Print the records below exactly, omitting all pictures.

-- Supplied data --
== Segment start ==

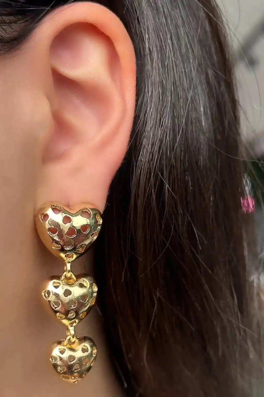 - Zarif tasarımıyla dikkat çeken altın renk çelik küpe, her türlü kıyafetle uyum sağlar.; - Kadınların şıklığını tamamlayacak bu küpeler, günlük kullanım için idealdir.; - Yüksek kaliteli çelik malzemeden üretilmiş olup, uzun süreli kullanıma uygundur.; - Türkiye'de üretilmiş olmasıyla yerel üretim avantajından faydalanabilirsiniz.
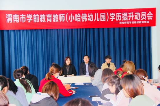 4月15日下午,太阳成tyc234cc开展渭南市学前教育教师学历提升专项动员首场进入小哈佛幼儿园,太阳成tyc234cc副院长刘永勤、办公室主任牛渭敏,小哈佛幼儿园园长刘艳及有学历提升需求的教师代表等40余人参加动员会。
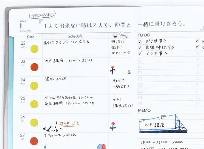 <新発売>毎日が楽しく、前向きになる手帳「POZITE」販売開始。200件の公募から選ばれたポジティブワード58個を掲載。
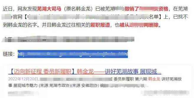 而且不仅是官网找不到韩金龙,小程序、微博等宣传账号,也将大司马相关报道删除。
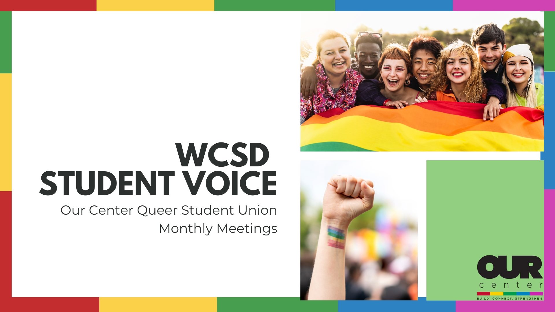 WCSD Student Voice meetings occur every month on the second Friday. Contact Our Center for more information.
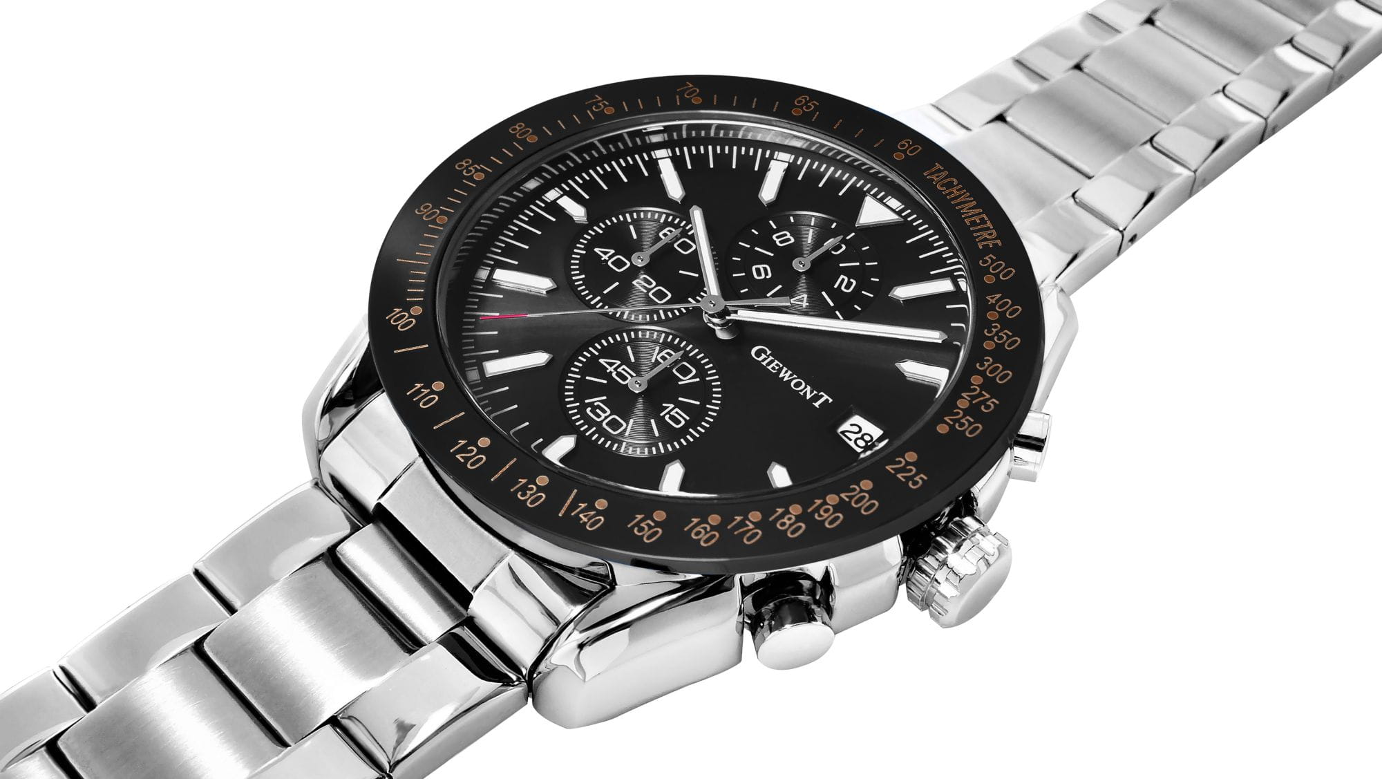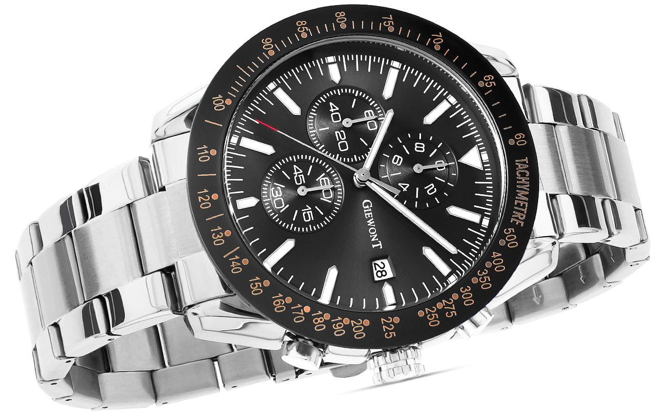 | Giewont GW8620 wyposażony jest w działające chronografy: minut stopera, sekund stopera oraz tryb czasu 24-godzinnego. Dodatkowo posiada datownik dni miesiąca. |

== Segment end ==

-- Answer space --
 - Zarif tasarımıyla dikkat çeken altın renk çelik küpe, her türlü kıyafetle uyum sağlar.; - Kadınların şıklığını tamamlayacak bu küpeler, günlük kullanım için idealdir.; - Yüksek kaliteli çelik malzemeden üretilmiş olup, uzun süreli kullanıma uygundur.; - Türkiye'de üretilmiş olmasıyla yerel üretim avantajından faydalanabilirsiniz.
 4月15日下午,太阳成tyc234cc开展渭南市学前教育教师学历提升专项动员首场进入小哈佛幼儿园,太阳成tyc234cc副院长刘永勤、办公室主任牛渭敏,小哈佛幼儿园园长刘艳及有学历提升需求的教师代表等40余人参加动员会。
 <新発売>毎日が楽しく、前向きになる手帳「POZITE」販売開始。200件の公募から選ばれたポジティブワード58個を掲載。
 而且不仅是官网找不到韩金龙,小程序、微博等宣传账号,也将大司马相关报道删除。
 WCSD Student Voice meetings occur every month on the second Friday. Contact Our Center for more information.
 | Giewont GW8620 wyposażony jest w działające chronografy: minut stopera, sekund stopera oraz tryb czasu 24-godzinnego. Dodatkowo posiada datownik dni miesiąca. |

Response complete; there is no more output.